Comme le Beloved de Toni Morisson, Les bonnes gens s'ouvre sur la mort d'un bébé et son empreinte sur la maison, les gens. Une malédiction.
 
Les bonnes gens est un roman à plusieurs voix, chacune chargée de sa propre douleur, marquée par sa propre obsession. Il y a l'homme au puits, Ginny Lancaster, la tante Z, Prosper à deux voix, Lucious qui aurait dû s'appeler Joseph... Ginny tient la majeure partie du récit. Ginny est vieille comme elle était jeune alors, et son esprit ressasse des boucles dans le temps. L'éblouissante naïveté de la jeune fille côtoie la mortification de la vieille dame.
 
La jeune Ginny quitte ses parents, séduite par homme qui lui promet le paradis. Et même si la bicoque n'est pas la demeure qu'il a décrite, même si son domaine n'est rien encore, il la conduit effectivement dans un coin de paradis du Kentucky.
 
Mais les porcs souillent les couronnes de fleur, et l'anathème de la vieille Ginny rappelle en permanence que quelque chose de malsain était à l'oeuvre alors, dont on découvre morceau par morceau l'étendue des dégâts. Les porcs vaquent en liberté sur le terrain et transforment la prairie en boue. L'obscénité de la viande, les cris des porcs que chacun doit égorger tour à tour et la vieille Ginny rappellent que la jeune fille a été/sera victime puis bourreau, puis victime... dans le cercle infernal et ordinaire de la violence.
 
Une ombre a tout recouvert à présent.
Il y avait déjà une ombre suffisamment profonde pour qu'on s'y noie, alors.
Pour me noyer, moi et ces filles. Noyer le petit Alcofibras. Noyer ces pâquerettes. Cette prairie. Ces tomates. Ce soleil.
Cleome et Zinia m'aidèrent à m'installer dans la maison de Linus Lancaster, elles m'aidèrent quand il commença à me faire venir dans sa chambre. 
Elles m'aidèrent, mais jamais je ne les aidai.
 
Difficile de parler des livres de Laird Hunt sans les déflorer.

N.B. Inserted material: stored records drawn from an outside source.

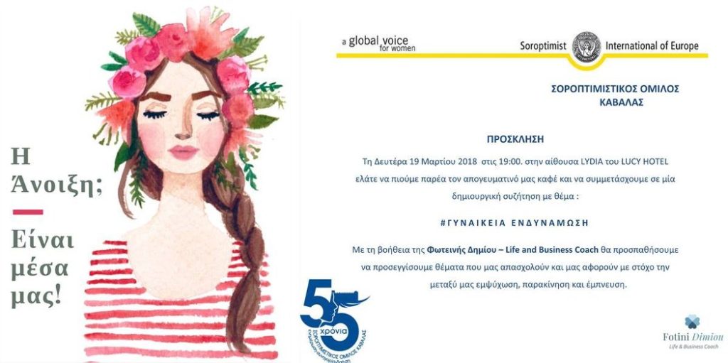 Αναρτούμε την πρόσκληση που πήραμε από τον Σοροπτιμιστικό Όμιλο Καβάλας για την εκδήλωση-δημιουργική συζήτηση που θα γίνει τη 19-3-18 και ώρα 19.00 στο ξενοδοχείο LUCY , με θέμα “ΓΥΝΑΙΚΕΙΑ ΕΝΔΥΝΑΜΩΣΗ”. Τιμή πρόσκλησης 5Ε
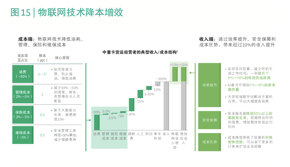 比如效益方面,可以利用甩掛、甩箱解決方案、AI量方、油耗檢測、IoT+保險、車輛調度、在線結算、油卡、ETC等實現(xiàn)降本增效。
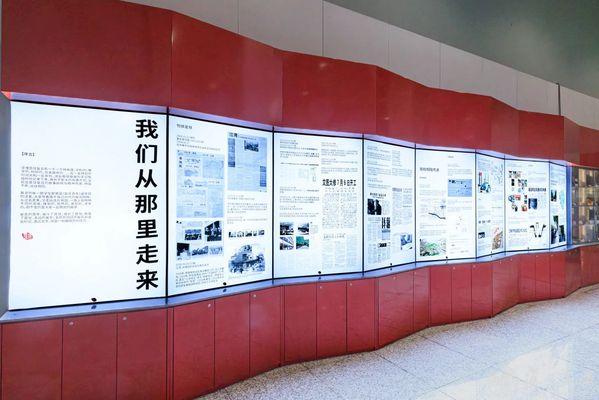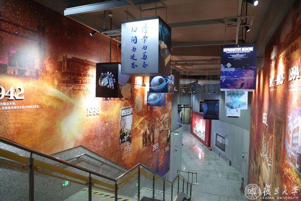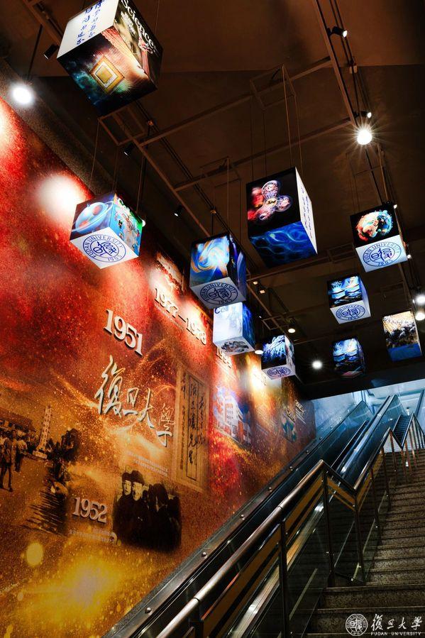 “时代步伐”展墙,扶梯两侧延展百廿校史电子长卷,见证两个甲子的星光交辉,顶部悬浮装置浓缩复旦重大科研成果,如学术星座点亮穹顶。
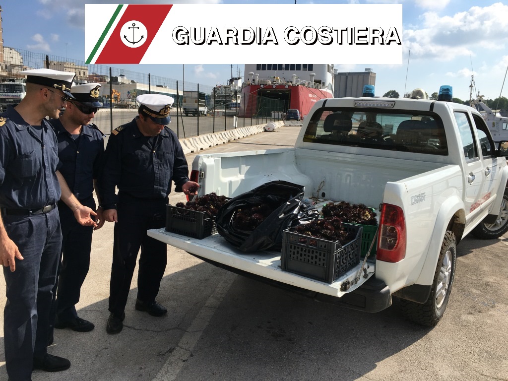 BRINDISI- Dalla Grecia a Brindisi con oltre 3.000 ricci. Maxi sequestro nel porto da parte del personale militare della Guardia Costiera e della Sezione di Polizia Marittima e Difesa Costiera della Capitaneria di Porto di Brindisi.
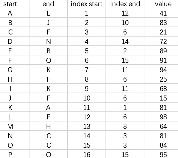 数据集就是随机生成的,[index start]和[index end]就是[start]和[end]中,各字母的放在一起的总排序值,排序决定了每个点在圆环中的位置,这个可以参考上面和弦图的文章。排序一定是按顺序的。
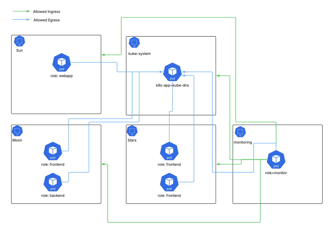 This enforces all namespaces to accept incoming traffic from the monitoring namespace and to allow egress to pods labelled as kube-dns that reside in the kube-system namespace resulting in the following traffic flows:
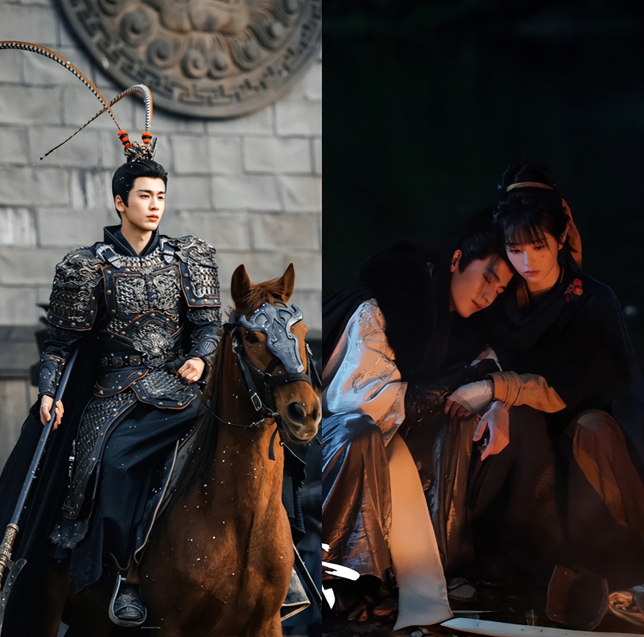 《逐玉》更是把谢征双重身份的反差外化到妆造上,“切号”武安侯时,一袭铠甲、头戴神似齐天大圣造型的凤翅紫金冠,威风凛凛。

Comme dans Indiana, Indiana, les narrateurs tournent autour d'une vérité simple et terrible. Les mots pour la dire arrivent tard ou n'arrivent jamais. L'ingénuité, vraie ou fausse, l'incompréhension, le remords ou la mémoire qui refuse sont autant d'obstacles au dévoilement cru. Laird Hunt ensevelit les faits sous un échevau d'histoires qui prennent vie, les morcelle et les disperse parmi des souvenirs heureux.
 
Et comme dans Indiana, Indiana, l'effet est poétique et puissant, onirique et douloureux. Beau.